The Australian Human Rights Commission's Speaking from Experience report, published in June 2025, recommends that the federal government amend the Sex Discrimination Act to restrict the use of NDAs nationally. The commission found that 75 per cent of legal practitioners in this space had never settled a sexual harassment matter without a strict NDA — and that only one in four survivors said they had chosen it.
The ADF decision this week proves what the Human Rights Law Centre said: the era of cover-up must end. But it will only end for military survivors. The secretary sitting across the table from her employer's lawyer next month still has no such protection. The warehouse worker. The junior doctor. The hospitality worker on a casual contract with no union and no leave entitlements is left.
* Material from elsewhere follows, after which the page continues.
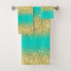 Luxury Turquoise Gold Glitter Bath Towel Set
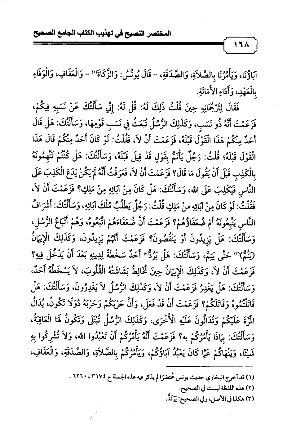 فَقَالَ لِتَرْجُمَانِهِ حِينَ قُلْتُ ذَلِكَ لَهُ: قُلْ لَهُ: إِنِّي سَأَلْتُكَ عَنْ نَسَبِهِ فِيكُمْ، فَزَعَمْتَ أَنَّهُ ذُو نَسَبٍ، وَكَذَلِكَ الرُّسُلُ تُبْعَثُ فِي نَسَبِ قَوْمِهَا، وَسَأَلْتُكَ: هَلْ قَالَ أَحَدٌ مِنْكُمْ هَذَا الْقَوْلَ قَبْلَهُ، فَزَعَمْتَ أَنْ لاَ، فَقُلْتُ: لَوْ كَانَ أَحَدٌ مِنْكُمْ قَالَ هَذَا الْقَوْلَ قَبْلَهُ؛ قُلْتُ: رَجُلٌ يَأْتَمُّ بِقَوْلٍ قَدْ قِيلَ قَبْلَهُ، وَسَأَلْتُكَ: هَلْ كُنْتُمْ تَتَّهِمُونَهُ بِالْكَذِبِ قَبْلَ أَنْ يَقُولَ مَا قَالَ؟ فَزَعَمْتَ أَنْ لاَ، فَعَرَفْتُ أَنَّهُ لَمْ يَكُنْ يَدَعَ الْكَذِبَ عَلَى النَّاسِ فَيَكْذِبَ عَلَى الله، وَسَأَلْتُكَ: هَلْ كَانَ مِنْ آبَائِهِ مِنْ مَلِكٍ؟ فَزَعَمْتَ أَنْ لاَ، فَقُلْتُ: لَوْ كَانَ مِنْ آبَائِهِ منْ مَلِكٍ قُلْتُ: رَجُلٌ يَطْلُبُ مُلْكَ آبَائِهِ، وَسَأَلْتُكَ: أَشْرَافُ النَّاسِ يَتَّبِعُونَهُ أَمْ ضُعَفَاؤُهُمْ؟ فَزَعَمْتَ أَنَّ ضُعَفَاءَهُمْ اتَّبَعُوهُ، وَهُمْ أَتْبَاعُ الرُّسُلِ، وَسَأَلْتُكَ: هَلْ يَزِيدُونَ أَوْ يَنْقُصُونَ؟ فَزَعَمْتَ أَنَّهُمْ يَزِيدُونَ، وَكَذَلِكَ الْإِيمَانُ (يَنُمُّ) (¬2) حَتَّى يَتِمَّ، وَسَأَلْتُكَ: هَلْ يَرُدُّ (¬3) أَحَدٌ سَخْطَةً لِدِينِهِ بَعْدَ أَنْ يَدْخُلَ فِيهِ؟ فَزَعَمْتَ أَنْ لاَ، وَكَذَلِكَ الْإِيمَانُ حِينَ تُخَالِطُ بَشَاشَتُهُ الْقُلُوبَ، لاَ يَسْخَطُهُ أَحَدٌ، وَسَأَلْتُكَ: هَلْ يَغْدِرُ فَزَعَمْتَ أَنْ لاَ، وَكَذَلِكَ الرُّسُلُ لاَ يَغْدِرُونَ، وَسَأَلْتُكَ: هَلْ قَاتَلْتُمُوهُ وَقَاتَلَكُمْ؟ فَزَعَمْتَ أَنْ قَدْ فَعَلَ، وَأَنَّ حَرْبَكُمْ وَحَرْبَهُ دُوَلًا تَكُونُ، يُدَالُ الْمَرَّةَ عَلَيْكُمْ وَتُدَالُونَ عَلَيْهِ الْأُخْرَى، وَكَذَلِكَ الرُّسُلُ تُبْتَلَى وَتَكُونُ لَهَا الْعَاقِبَةُ، وَسَأَلْتُكَ: بِمَاذَا يَأْمُرُكُمْ به؟ فَزَعَمْتَ أَنَّهُ يَأْمُرُكُمْ أَنْ تَعْبُدُوا الله، وَلاَ تُشْرِكُوا بِهِ شَيْئًا، وَيَنْهَاكُمْ عَمَّا كَانَ يَعْبُدُ آبَاؤُكُمْ، وَيَأْمُرُكُمْ بِالصَّلاَةِ، وَالصَّدَقَةِ، وَالْعَفَافِ،

In Tasmania, the small scale of our workforce and legal profession makes the misuse of NDAs particularly damaging. When a perpetrator is protected by an NDA in a small industry, the woman who cannot warn others is not just silenced — she is made complicit in what happens next, through no fault of her own. That is its own kind of harm.
We are calling on the Tasmanian Parliament and on Tasmania's federal representatives to do what this week's decision demonstrates is possible: to choose, clearly, that legal instruments used to conceal workplace sexual violence are unacceptable. To support the amendment of the Sex Discrimination Act at the federal level. And to ensure that Tasmania, like Victoria, moves to protect our workers from being subjected to silence as a condition of resolution.
Julia Delaforce spent years campaigning for the right to speak. She has it now — for one specific inquiry, on government grace. That is not the same as a legal right. Every woman who has been harmed at work deserves the same protection — not as a policy concession, but as a matter of law.
Yvette is CEO of Women's Legal Service Tasmania. WLST provides free legal and social work services to women and non-binary people across Tasmania. WLST is a member of Working Women's Centre Australia and is participating in the 'Our Silence is Not for Sale' national NDA reform campaign. wlst.org.au. Kelsey Paske is a lived experience advocate and independent consultant who focuses on the prevention of gendered violence and workplace cultural change.